Nécessité du développement des industries pharmaceutiques locales
Aussi, le président de l’UNOP a mis en exergue la nécessité d’encourager le développement des industries pharmaceutiques locales. Certes, les pays africains sont nombreux à bénéficier d’aides et de dons en provenance de la communauté internationale, mais ceux-ci ne font que perpétuer une dépendance préjudiciable et ne sauraient, en tout état de cause, constituer une solution pour l’avenir.
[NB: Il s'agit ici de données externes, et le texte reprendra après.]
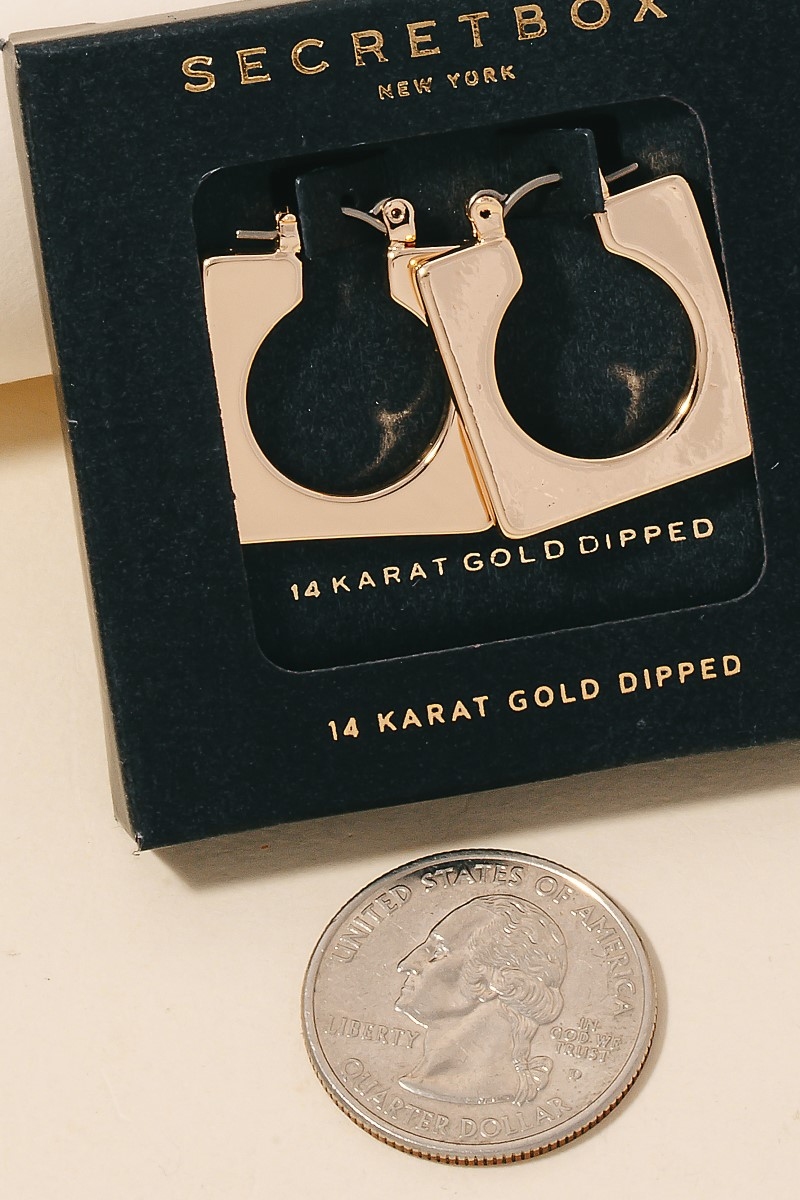 • This pair of hoop earrings showcases a unique gold dipped circle cut out square style. Experience a subtle blend of modernity and classic charm as this pair of hoop earrings effortlessly adorns your ensemble.

Tous les médicaments essentiels aux soins de base des populations africaines sont des génériques tombés depuis longtemps dans le domaine public et sont relativement aisés à fabriquer sur le continent-même, à des coûts très bas.
Cette industrie pharmaceutique, en plus d’être une source importante d’emplois hautement qualifiés pour les jeunes universitaires africains, permettraient aux différents pays de répondre durablement et efficacement aux besoins de santé de leurs citoyens. « L’Afrique représente une opportunité de marché importante à long terme, et son industrie pharmaceutique est tout à fait prête à emprunter le chemin d’une croissance forte et durable « , a-t-il affirmé.
En termes de perspectives et aux yeux du Dr Kerrar, les priorités de l’action publique des Etats africains en matière pharmaceutique, sont bien connues et balisées. Elles s’articulent autour des cinq axes suivants :
(i)- Faciliter l’accès aux soins de santé universels et s’assurer que tous les citoyens africains aient accès aux soins de santé de base .
(ii)- Encourager le développement de la production locale de médicaments pour réduire la dépendance aux importations .
(iii)- Mettre en place un environnement réglementaire strict qui veille et garantisse en permanence la qualité des produits mis sur le marché .
(iv)- Établir un partenariat entre les entreprises pharmaceutiques et les centres universitaires, de sorte à stimuler l’innovation et la recherche – développement sur le marché interne .
(v)- S’appuyer, enfin, sur des partenariats interafricains et sur la coopération entre les pays africains pour partager les ressources et les connaissances.

Le modèle algérien en exemple pour l’Afrique
La communication du Dr Kerrar a été grandement appréciée par le public présent et a suscité des débats d’une haute teneur. Les participants ont salué l’extrême sensibilité des sujets abordés et la profondeur de l’analyse présentée.
Ils ont reconnu la valeur et la pertinence des solutions pratiques proposées pour surmonter les défis de la sécurité pharmaceutique en Afrique.
Il faut souligner, à cet égard, que le Dr Kerrar a clôturé sa présentation par un bref aperçu de l’expérience initiée par l’Algérie aux fins de promouvoir sa propre industrie pharmaceutique locale.
Il a souligné les différentes mesures prises en ce sens par le gouvernement, telles que : la priorité d’enregistrement donnée à la fabrication locale ; les incitations fiscales et parafiscales substantielles ; la régulation et l’encadrement stricts de l’importation de produits pharmaceutiques et la majoration dans le remboursement par les caisses de Sécurité Sociale pour les produits génériques et/ou produits fabriqués localement.
« Les résultats concrets obtenus par l’Algérie en font un parfait exemple et un modèle qui pourrait suivi et adapté au contexte particulier de nombreux pays africains. », a-t-il affirmé.
Il a indiqué aussi que le marché pharmaceutique algérien estimé aujourd’hui à quelques 3,3 milliards de dollars, pèse d’un poids significatif. La production locale, qui représentait autour de 15% des mises en marché au début des années 2000, couvre maintenant plus de 71 % des besoins en produits pharmaceutiques et plus de 90 % dans quatre classes thérapeutiques.
C’est là un succès indéniable qui pourrait inspirer très utilement de nombreux pays du continent africain.